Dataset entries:

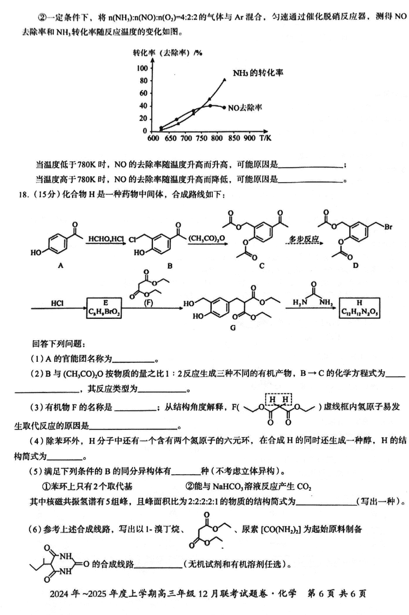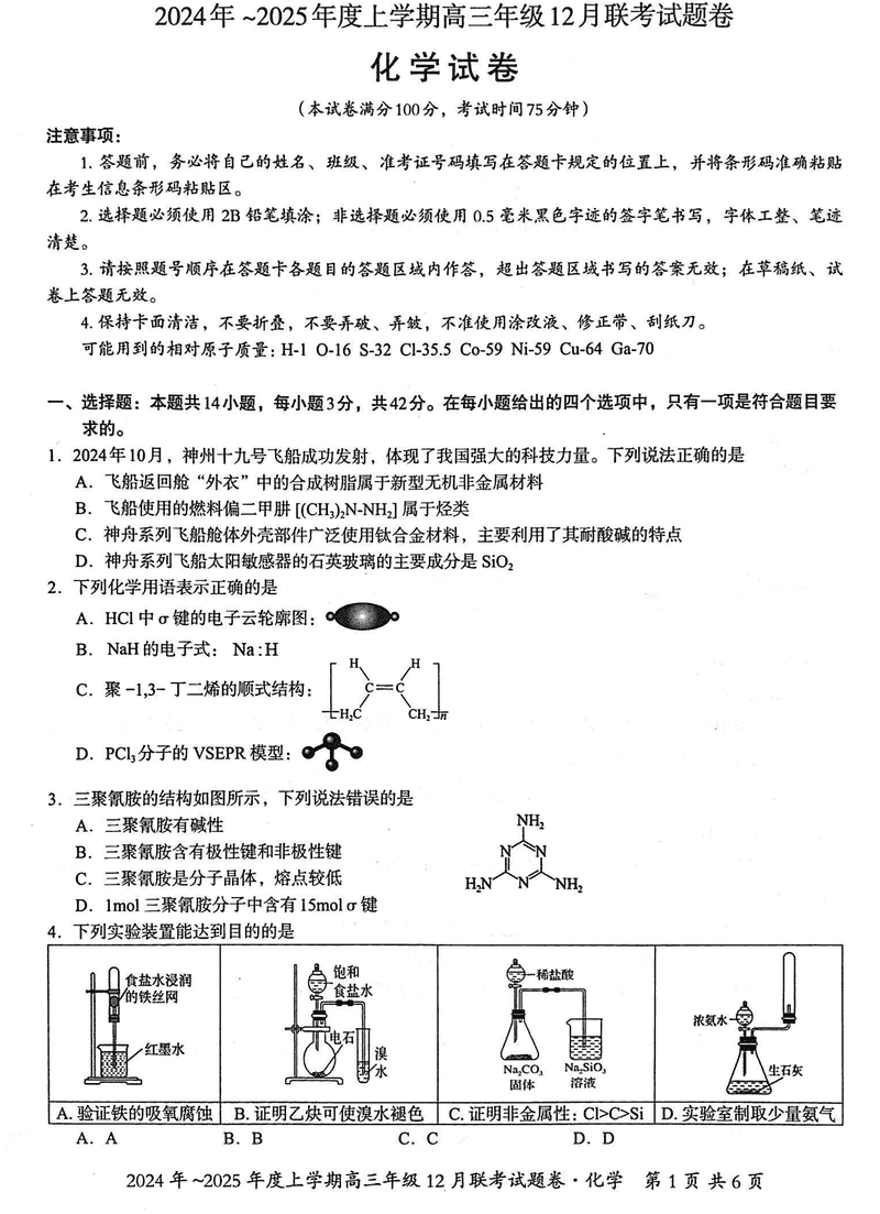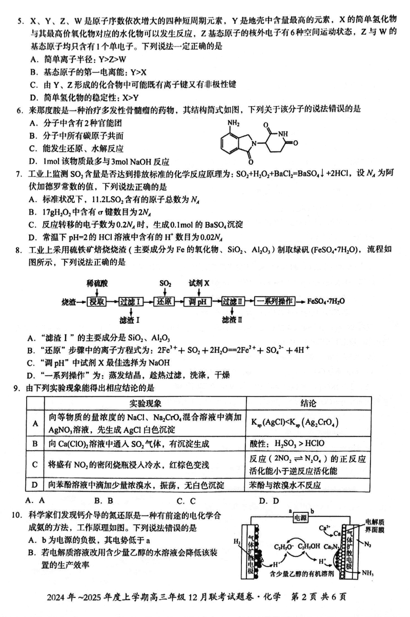 广西邕衡教育名校联盟2025届高三年级12月联考化学试题及答案
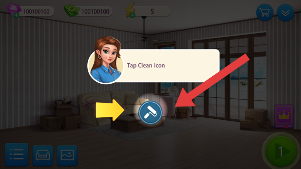 2、玩法規(guī)則:需要對室內(nèi)進(jìn)行重新翻新,根據(jù)提示點(diǎn)擊相對應(yīng)的圖標(biāo)進(jìn)行操作,屬于新手教程的指引。
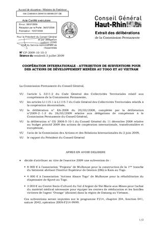 COOPÉRATION INTERNATIONALE - ATTRIBUTION DE SUBVENTIONS POUR DES ACTIONS DE DÉVELOPPEMENT MENÉES AU TOGO ET AU VIETNAM
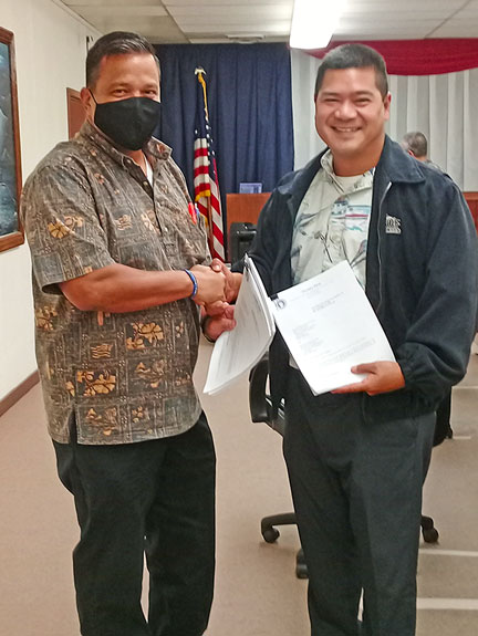 Senate vice president Jude U. Hofschneider (R-Tinian), left, shakes hands with Rep. Ivan A. Blanco (R-Saipan) as they hold the conference committee’s “product” that resolved the Senate’s and House’s disagreements on the government’s budget for fiscal year 2021 during a session in the Senate chamber Wednesday late at night. Hofschneider and Blanco led the Senate and the House teams in the conference committee, respectively. (Ferdie De La Torre)
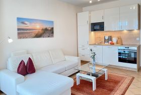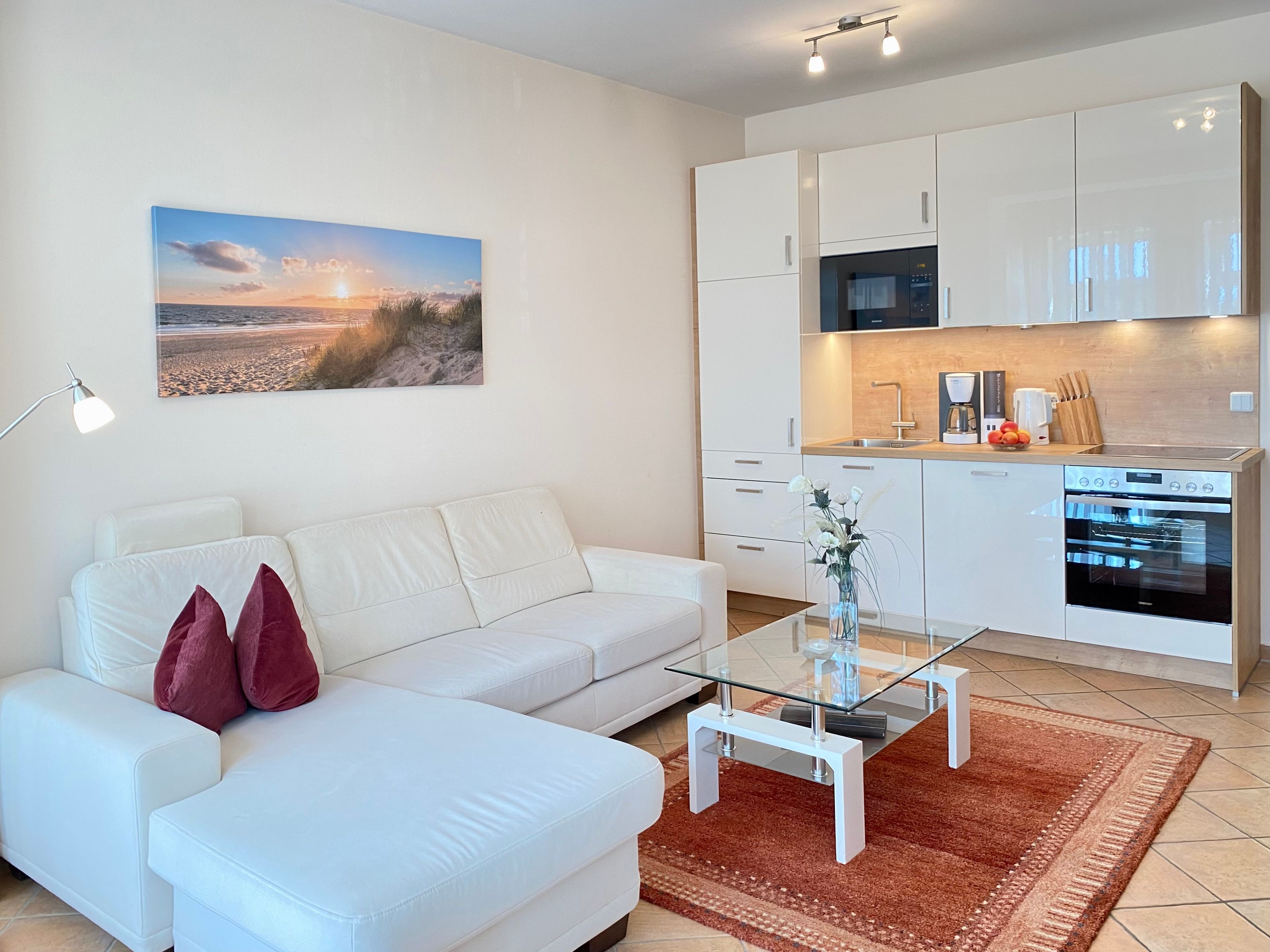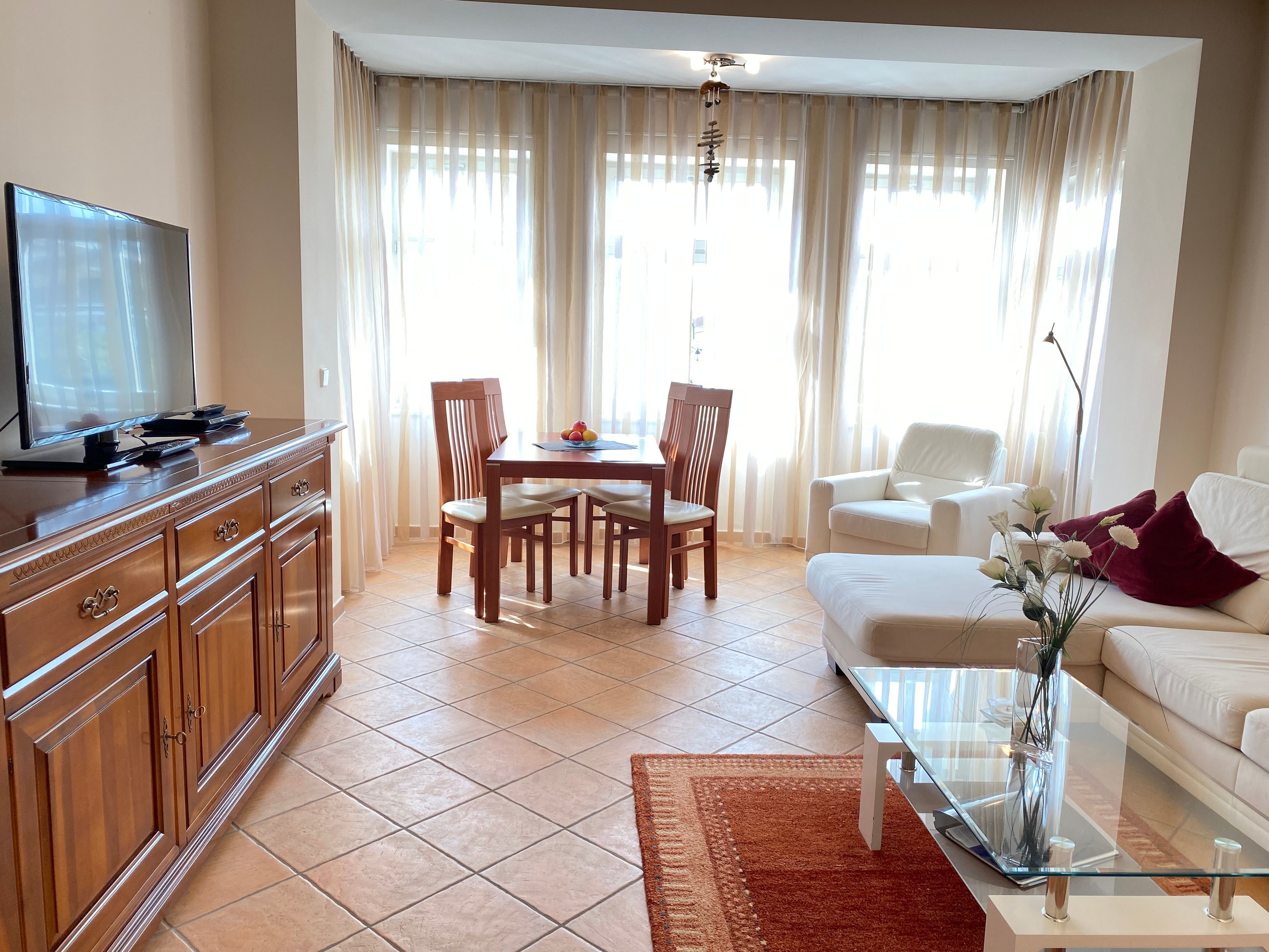 Die Ferienwohnung 1 befindet sich im Erdgeschoss der Bäderstilvilla und hat eine überdachte Terrasse auf der Rückseite des Hauses, auf der Sie das Leben im Freien genießen können. Zur Wohnung gehören ein großes Badezimmer mit Doppelwaschtisch, Dusche und Badewanne. In dem gemütliches Wohnzimmer, in das die Komplettküche klug integriert wurdevund ein Schlafzimmer mit Doppelbett. Die Ferienwohnung ist komplett  gefliest. Selbstverständlich gibt es moderne Unterhaltungstechnik und freies Internet  für die wenigen Regenstunden auf Usedom.
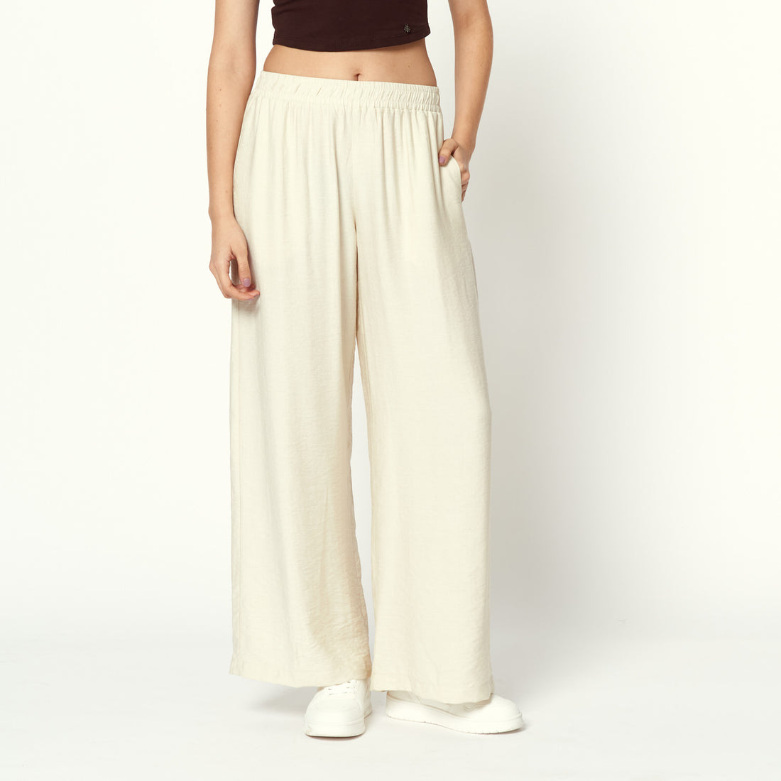 Pantalón en lino cómodo y versátil. El tono crema funciona como básico elegante. Tiro: Medio....
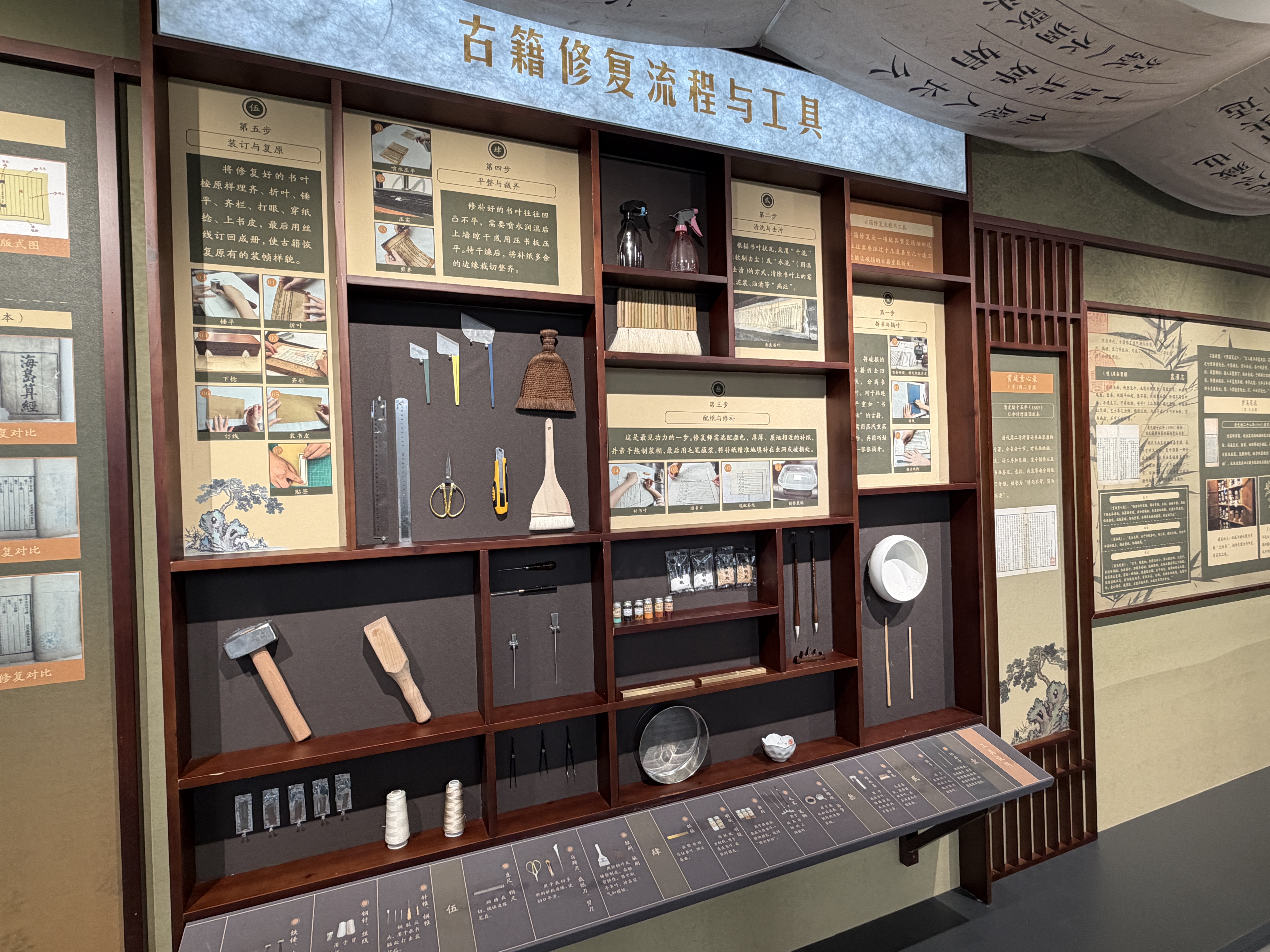 特别的是,展览的“钤印缮珍”单元通过《装潢志》《赏延素心录》等专著,结合拆书、清洗、修补、装订等工序演示,呈现古籍修复前后的对比,直观感受修复技艺的魅力。
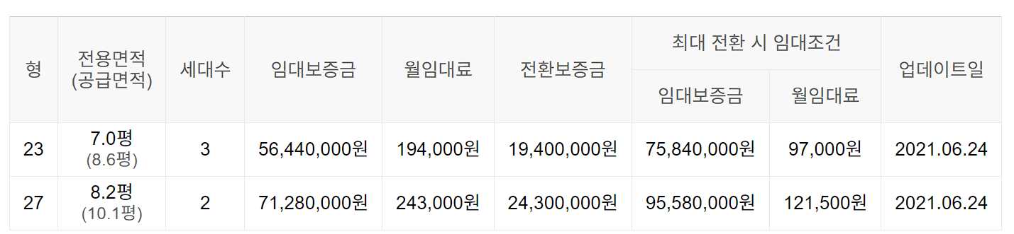 임대보증금 및 월 임대료는 입주자 모집공고일 기준이며, 보증금 최대 전환 시 변동될 수 있습니다.
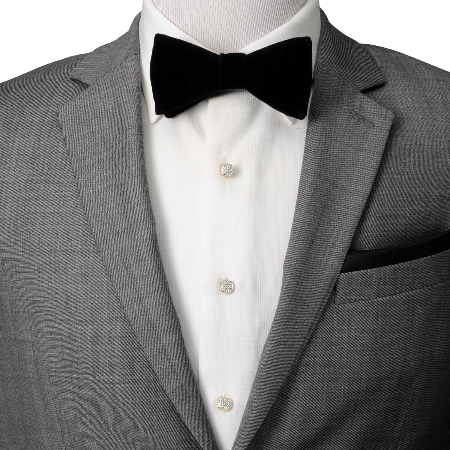 Designed with a brilliant shimmer of elegance, our Gold Stainless Steel White Pave Crystal Stud Set is crafted with some of the world's most delicate and precisely-cut Preciosa crystals. These stunning pavé-set white crystal cufflinks and tuxedo studs will bring a touch of sparkle to your next formal event. Our stud set will stand up to wear and maintain their sleek, shiny look thanks to being crafted from durable stainless steel.

What to work on: Print, word for word, every entry shown above; the pictures stay out.

Exercise response:
 广西邕衡教育名校联盟2025届高三年级12月联考化学试题及答案
 2、玩法規(guī)則:需要對室內(nèi)進(jìn)行重新翻新,根據(jù)提示點(diǎn)擊相對應(yīng)的圖標(biāo)進(jìn)行操作,屬于新手教程的指引。
 COOPÉRATION INTERNATIONALE - ATTRIBUTION DE SUBVENTIONS POUR DES ACTIONS DE DÉVELOPPEMENT MENÉES AU TOGO ET AU VIETNAM
 Senate vice president Jude U. Hofschneider (R-Tinian), left, shakes hands with Rep. Ivan A. Blanco (R-Saipan) as they hold the conference committee’s “product” that resolved the Senate’s and House’s disagreements on the government’s budget for fiscal year 2021 during a session in the Senate chamber Wednesday late at night. Hofschneider and Blanco led the Senate and the House teams in the conference committee, respectively. (Ferdie De La Torre)
 Die Ferienwohnung 1 befindet sich im Erdgeschoss der Bäderstilvilla und hat eine überdachte Terrasse auf der Rückseite des Hauses, auf der Sie das Leben im Freien genießen können. Zur Wohnung gehören ein großes Badezimmer mit Doppelwaschtisch, Dusche und Badewanne. In dem gemütliches Wohnzimmer, in das die Komplettküche klug integriert wurdevund ein Schlafzimmer mit Doppelbett. Die Ferienwohnung ist komplett  gefliest. Selbstverständlich gibt es moderne Unterhaltungstechnik und freies Internet  für die wenigen Regenstunden auf Usedom.
 Pantalón en lino cómodo y versátil. El tono crema funciona como básico elegante. Tiro: Medio....
 特别的是,展览的“钤印缮珍”单元通过《装潢志》《赏延素心录》等专著,结合拆书、清洗、修补、装订等工序演示,呈现古籍修复前后的对比,直观感受修复技艺的魅力。
 임대보증금 및 월 임대료는 입주자 모집공고일 기준이며, 보증금 최대 전환 시 변동될 수 있습니다.
 Designed with a brilliant shimmer of elegance, our Gold Stainless Steel White Pave Crystal Stud Set is crafted with some of the world's most delicate and precisely-cut Preciosa crystals. These stunning pavé-set white crystal cufflinks and tuxedo studs will bring a touch of sparkle to your next formal event. Our stud set will stand up to wear and maintain their sleek, shiny look thanks to being crafted from durable stainless steel.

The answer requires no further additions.